_Work order_
Lines from the one with "砂の中で卵を破った子ガメたちは、頭上の砂をかき落とし這い出してきます。" to the end of the material, both included: print them exactly and print nothing else. Omit the pictures.

-- Data under study follows --

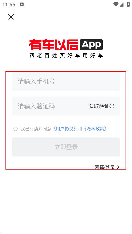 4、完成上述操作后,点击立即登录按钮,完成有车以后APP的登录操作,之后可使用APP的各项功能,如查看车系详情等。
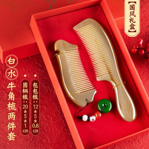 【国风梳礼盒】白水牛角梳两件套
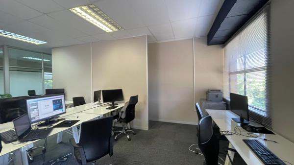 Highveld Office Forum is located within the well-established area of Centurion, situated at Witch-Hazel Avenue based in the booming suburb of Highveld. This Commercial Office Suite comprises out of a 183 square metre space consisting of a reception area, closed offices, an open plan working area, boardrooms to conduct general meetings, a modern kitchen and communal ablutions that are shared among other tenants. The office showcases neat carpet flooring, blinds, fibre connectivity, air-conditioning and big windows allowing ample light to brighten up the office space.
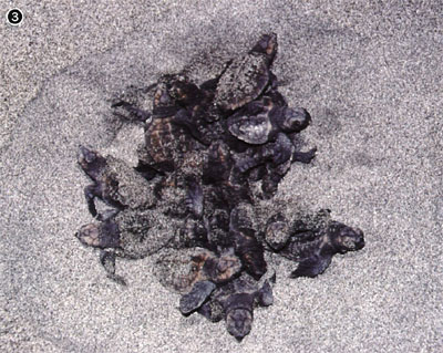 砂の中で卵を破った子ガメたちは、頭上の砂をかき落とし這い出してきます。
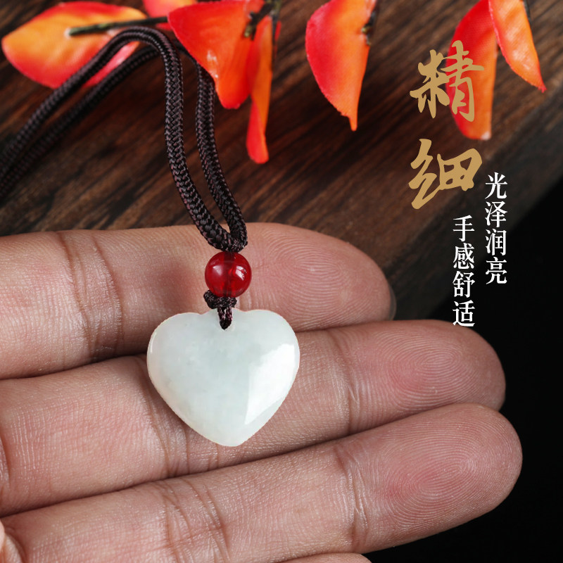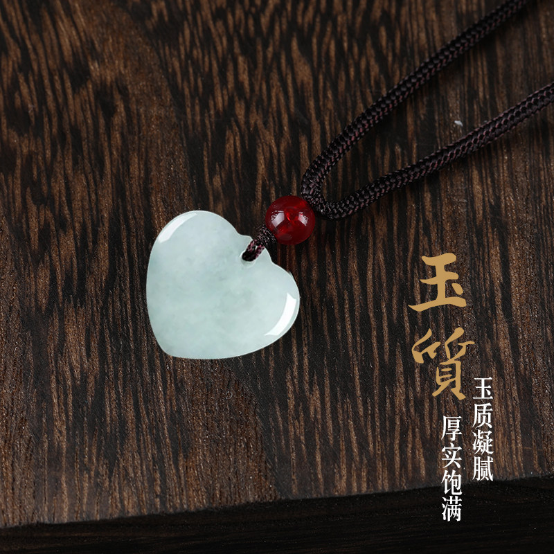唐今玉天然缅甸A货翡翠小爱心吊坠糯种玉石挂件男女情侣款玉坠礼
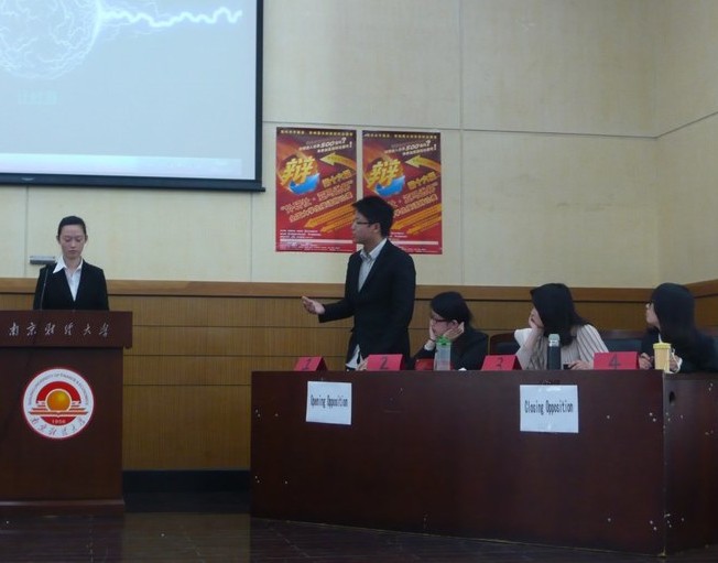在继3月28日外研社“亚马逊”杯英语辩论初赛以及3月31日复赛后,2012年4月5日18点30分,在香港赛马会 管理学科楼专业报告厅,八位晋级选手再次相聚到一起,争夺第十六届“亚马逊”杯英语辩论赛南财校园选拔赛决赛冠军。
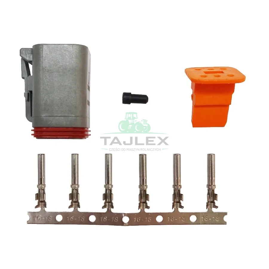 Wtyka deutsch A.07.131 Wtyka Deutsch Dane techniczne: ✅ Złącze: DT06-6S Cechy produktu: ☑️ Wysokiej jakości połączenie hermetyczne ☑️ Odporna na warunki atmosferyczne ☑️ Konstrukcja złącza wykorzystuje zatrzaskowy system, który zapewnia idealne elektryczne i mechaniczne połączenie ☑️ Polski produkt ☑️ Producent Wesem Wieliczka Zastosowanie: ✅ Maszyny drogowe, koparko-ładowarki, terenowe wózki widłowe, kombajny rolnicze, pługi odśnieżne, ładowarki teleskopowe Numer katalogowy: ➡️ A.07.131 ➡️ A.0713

-- Data under study concluded --

_Exercise output_
 砂の中で卵を破った子ガメたちは、頭上の砂をかき落とし這い出してきます。
唐今玉天然缅甸A货翡翠小爱心吊坠糯种玉石挂件男女情侣款玉坠礼
在继3月28日外研社“亚马逊”杯英语辩论初赛以及3月31日复赛后,2012年4月5日18点30分,在香港赛马会 管理学科楼专业报告厅,八位晋级选手再次相聚到一起,争夺第十六届“亚马逊”杯英语辩论赛南财校园选拔赛决赛冠军。
 Wtyka deutsch A.07.131 Wtyka Deutsch Dane techniczne: ✅ Złącze: DT06-6S Cechy produktu: ☑️ Wysokiej jakości połączenie hermetyczne ☑️ Odporna na warunki atmosferyczne ☑️ Konstrukcja złącza wykorzystuje zatrzaskowy system, który zapewnia idealne elektryczne i mechaniczne połączenie ☑️ Polski produkt ☑️ Producent Wesem Wieliczka Zastosowanie: ✅ Maszyny drogowe, koparko-ładowarki, terenowe wózki widłowe, kombajny rolnicze, pługi odśnieżne, ładowarki teleskopowe Numer katalogowy: ➡️ A.07.131 ➡️ A.0713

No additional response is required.